Stored dataset items
----------------------------------------
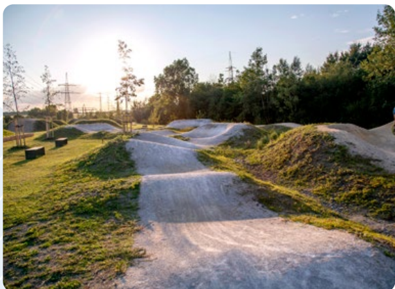
Bikepark Jahodnice Praha 14

Na zpuštěném místě navážek z blízké výstavby domů porostlých náletovými dřevinami vyrostl Bikepark Jahodnice sloužící převážně bikerům. Na své si zde přijdou ostřílení jezdci, začátečníci i děti, nové a upravené cesty lákají k příjemným procházkám. Unikátní sportoviště nabízí na 35 000 m 2 plochy pro rozvoj dovedností na kole, ale i dětské a workoutové hřiště a odpočinkovou zónu s občerstvením. Do parku se jezdci i pěši mohou dostat po cyklostezce, která jím prochází. Díky veřejnému osvětlení je možné park v zimě při dostatečném množství sněhu využívat i jako běžecký okruh. Kompletně revitalizovaný a nově osázený prostor je vhodný také pro pořádání veřejných akcí a setkání. Na realizaci parku se podílel i známý český biker Michal Maroši.
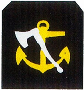
Charpentier de Marine
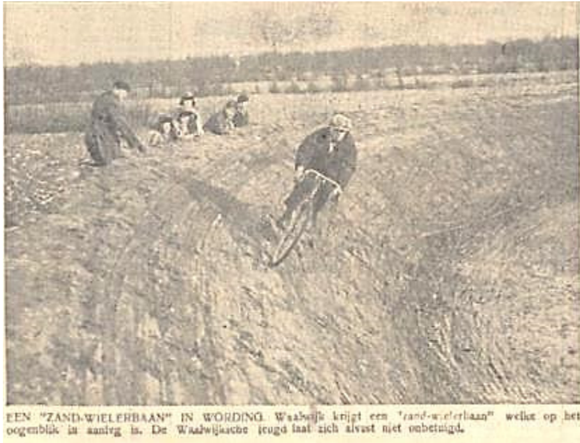
EEN "ZAND-WIELERBAAN" IN WORDING. Waalwijk krijgt een "sand-wielerbaan" welke op het oogeblik in aanleg is. De Waalwijkse jeugd laat zich alvast niet onbetuigd.

De Waalwijkse Zandbaan in aanleg. De Waalwijkse jeugd probeerde het baantje alvast uit.
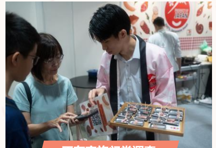
正在实施问卷调查
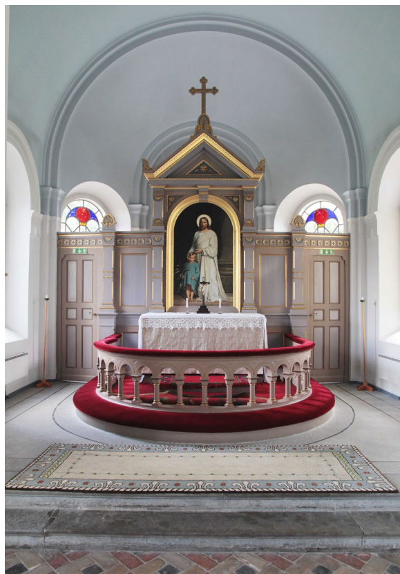
Koret med altaranordning och skrank mot sakristia.

Tornet har tre våningar samt klockvåning. I mitten på den tredje våning står klocktrampmaskinen som användes fram till det att man fick elektrifierad klockringning 1967. Klockbocken återfinns på klockvåningen högst upp och är i huvudsak tillverkad i ek. I klockvåningen finns flera dragbjälkar i ek, vilka sannolikt är medeltida.
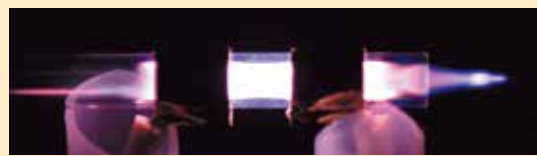
大気圧誘電体バリア放電プラズマジェット
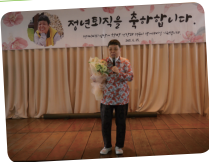
6. 25. 근로장애인 정년퇴직기념식
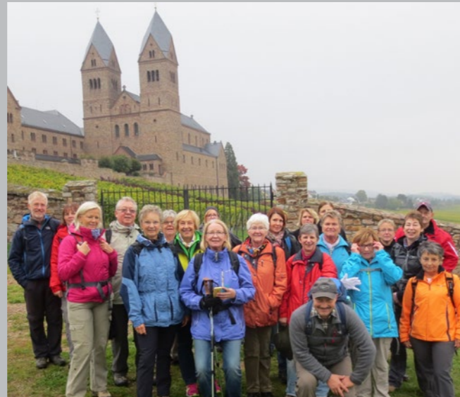
Herbstliche Wanderung vor dem Kloster Hildegard
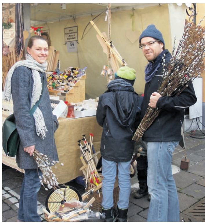
Mit Weidenkätzchen als Vorboden auf den Frühling und auf Ostern rüstete sich diese Familie am Wochenende auf dem Engener Ostermarkt aus.
----------------------------------------
Each line above with the word "Bikepark" needs to be copied.

Bikepark Jahodnice Praha 14
Na zpuštěném místě navážek z blízké výstavby domů porostlých náletovými dřevinami vyrostl Bikepark Jahodnice sloužící převážně bikerům. Na své si zde přijdou ostřílení jezdci, začátečníci i děti, nové a upravené cesty lákají k příjemným procházkám. Unikátní sportoviště nabízí na 35 000 m 2 plochy pro rozvoj dovedností na kole, ale i dětské a workoutové hřiště a odpočinkovou zónu s občerstvením. Do parku se jezdci i pěši mohou dostat po cyklostezce, která jím prochází. Díky veřejnému osvětlení je možné park v zimě při dostatečném množství sněhu využívat i jako běžecký okruh. Kompletně revitalizovaný a nově osázený prostor je vhodný také pro pořádání veřejných akcí a setkání. Na realizaci parku se podílel i známý český biker Michal Maroši.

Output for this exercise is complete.